#### PROVIDED DATA:
<<<<
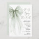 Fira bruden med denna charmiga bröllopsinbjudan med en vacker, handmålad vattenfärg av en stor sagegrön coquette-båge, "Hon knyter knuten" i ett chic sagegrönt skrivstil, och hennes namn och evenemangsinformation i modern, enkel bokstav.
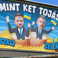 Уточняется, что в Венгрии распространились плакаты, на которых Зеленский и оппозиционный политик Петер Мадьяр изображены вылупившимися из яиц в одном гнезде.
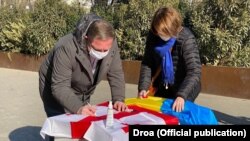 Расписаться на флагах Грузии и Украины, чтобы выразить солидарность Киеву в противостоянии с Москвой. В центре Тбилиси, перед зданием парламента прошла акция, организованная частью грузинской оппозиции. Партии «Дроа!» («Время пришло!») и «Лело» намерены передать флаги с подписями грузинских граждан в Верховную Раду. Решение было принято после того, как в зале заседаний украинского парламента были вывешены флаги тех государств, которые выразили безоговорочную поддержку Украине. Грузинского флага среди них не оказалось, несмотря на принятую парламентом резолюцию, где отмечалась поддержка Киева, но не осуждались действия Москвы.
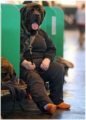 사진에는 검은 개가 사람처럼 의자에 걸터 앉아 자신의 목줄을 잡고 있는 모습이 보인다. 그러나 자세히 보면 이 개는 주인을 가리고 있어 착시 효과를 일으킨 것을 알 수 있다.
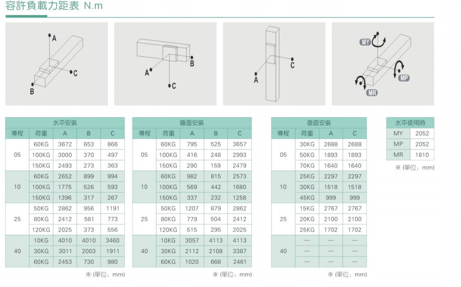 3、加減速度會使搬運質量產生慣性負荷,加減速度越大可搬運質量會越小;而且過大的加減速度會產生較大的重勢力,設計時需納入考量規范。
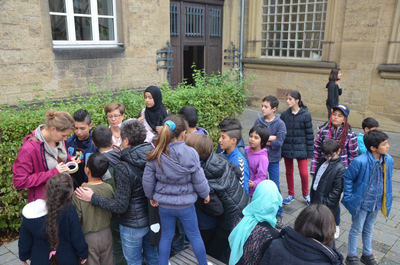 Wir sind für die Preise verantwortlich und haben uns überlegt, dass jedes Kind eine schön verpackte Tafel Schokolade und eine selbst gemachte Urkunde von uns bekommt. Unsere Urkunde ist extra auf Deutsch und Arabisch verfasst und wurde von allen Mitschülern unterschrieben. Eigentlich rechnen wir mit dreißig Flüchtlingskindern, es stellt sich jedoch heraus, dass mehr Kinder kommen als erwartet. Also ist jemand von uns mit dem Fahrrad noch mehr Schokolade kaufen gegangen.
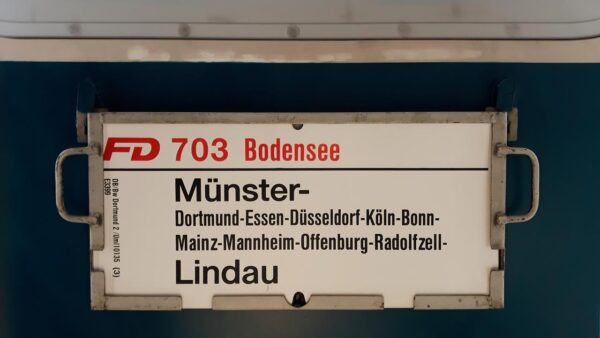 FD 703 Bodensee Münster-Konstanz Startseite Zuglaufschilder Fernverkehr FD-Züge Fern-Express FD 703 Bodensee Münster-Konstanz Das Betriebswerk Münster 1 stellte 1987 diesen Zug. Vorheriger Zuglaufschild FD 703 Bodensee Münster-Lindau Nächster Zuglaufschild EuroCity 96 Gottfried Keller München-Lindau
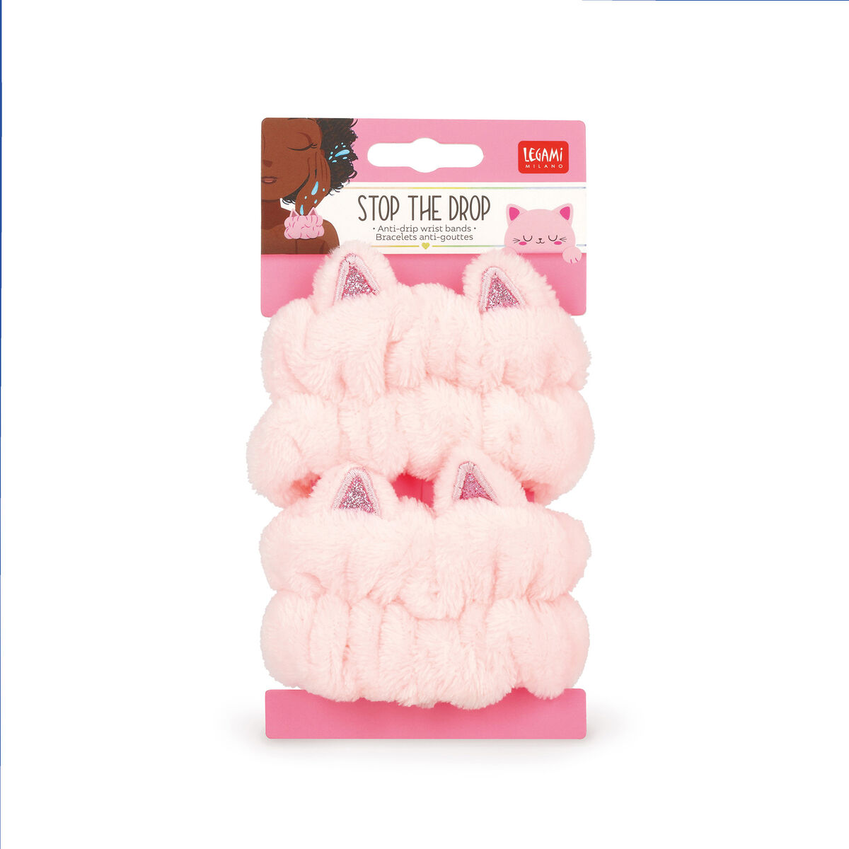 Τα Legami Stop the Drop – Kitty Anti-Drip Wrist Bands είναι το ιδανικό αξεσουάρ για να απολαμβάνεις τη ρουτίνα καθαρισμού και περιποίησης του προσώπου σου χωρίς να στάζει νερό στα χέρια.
>>>>
<<<<
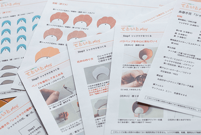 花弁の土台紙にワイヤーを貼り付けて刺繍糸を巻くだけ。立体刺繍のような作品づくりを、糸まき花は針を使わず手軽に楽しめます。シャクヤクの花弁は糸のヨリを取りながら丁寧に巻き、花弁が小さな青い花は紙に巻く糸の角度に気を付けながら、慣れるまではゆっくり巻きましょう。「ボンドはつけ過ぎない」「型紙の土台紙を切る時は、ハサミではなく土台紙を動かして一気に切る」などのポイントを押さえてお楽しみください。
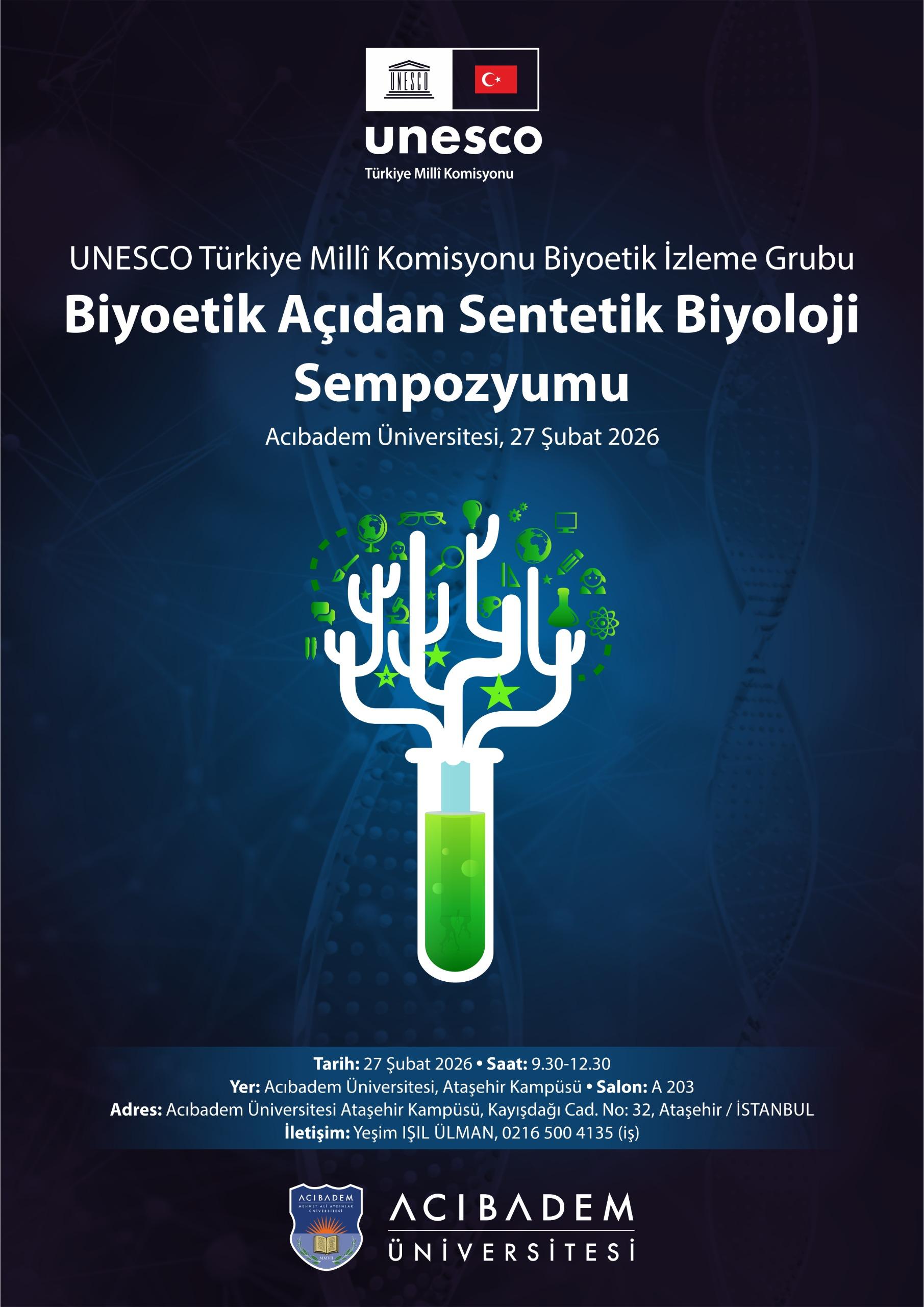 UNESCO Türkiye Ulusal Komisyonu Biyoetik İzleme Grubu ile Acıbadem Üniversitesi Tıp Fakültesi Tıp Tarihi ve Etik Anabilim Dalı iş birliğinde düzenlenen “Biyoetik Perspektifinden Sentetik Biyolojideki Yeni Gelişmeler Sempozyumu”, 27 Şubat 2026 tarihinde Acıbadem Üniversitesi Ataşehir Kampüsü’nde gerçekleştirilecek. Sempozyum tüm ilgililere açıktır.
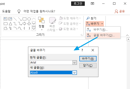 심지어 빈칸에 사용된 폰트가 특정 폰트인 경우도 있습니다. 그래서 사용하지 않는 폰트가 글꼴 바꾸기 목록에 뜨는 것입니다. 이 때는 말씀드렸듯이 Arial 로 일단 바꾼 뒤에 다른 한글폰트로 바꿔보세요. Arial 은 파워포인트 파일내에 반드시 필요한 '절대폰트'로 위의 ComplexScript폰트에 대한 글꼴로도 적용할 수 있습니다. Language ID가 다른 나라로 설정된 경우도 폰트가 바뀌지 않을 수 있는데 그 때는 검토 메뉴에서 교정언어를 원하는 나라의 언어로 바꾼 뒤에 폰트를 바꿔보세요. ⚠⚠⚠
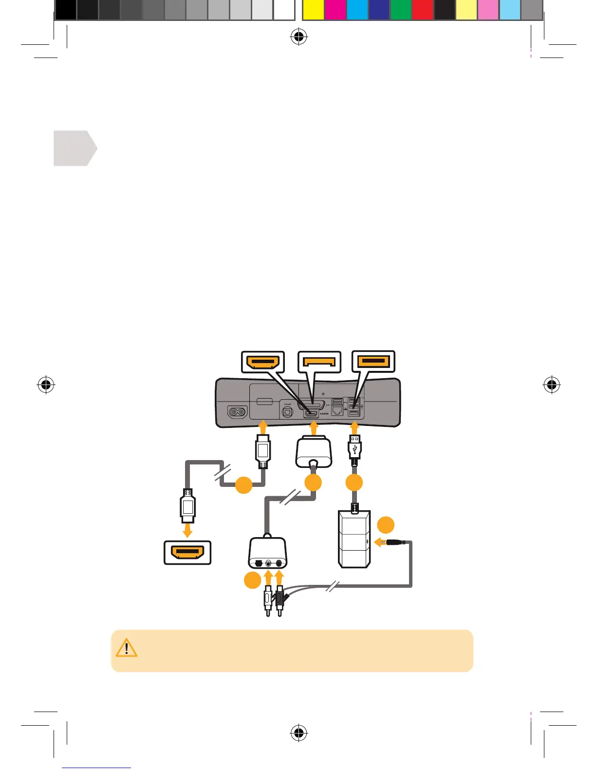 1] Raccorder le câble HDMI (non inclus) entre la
>>>>
#### WHAT YOU ARE ASKED TO DO:
Only one part of the material above is wanted: the lines from the one with "사진에는 검은 개가 사람처럼" up to and including the one with "FD 703 Bodensee Münster-Konstanz Startseite". Please copy them exactly, pictures left out.

#### RESULT FOR THIS EXERCISE:
 사진에는 검은 개가 사람처럼 의자에 걸터 앉아 자신의 목줄을 잡고 있는 모습이 보인다. 그러나 자세히 보면 이 개는 주인을 가리고 있어 착시 효과를 일으킨 것을 알 수 있다.
 3、加減速度會使搬運質量產生慣性負荷,加減速度越大可搬運質量會越小;而且過大的加減速度會產生較大的重勢力,設計時需納入考量規范。
 Wir sind für die Preise verantwortlich und haben uns überlegt, dass jedes Kind eine schön verpackte Tafel Schokolade und eine selbst gemachte Urkunde von uns bekommt. Unsere Urkunde ist extra auf Deutsch und Arabisch verfasst und wurde von allen Mitschülern unterschrieben. Eigentlich rechnen wir mit dreißig Flüchtlingskindern, es stellt sich jedoch heraus, dass mehr Kinder kommen als erwartet. Also ist jemand von uns mit dem Fahrrad noch mehr Schokolade kaufen gegangen.
 FD 703 Bodensee Münster-Konstanz Startseite Zuglaufschilder Fernverkehr FD-Züge Fern-Express FD 703 Bodensee Münster-Konstanz Das Betriebswerk Münster 1 stellte 1987 diesen Zug. Vorheriger Zuglaufschild FD 703 Bodensee Münster-Lindau Nächster Zuglaufschild EuroCity 96 Gottfried Keller München-Lindau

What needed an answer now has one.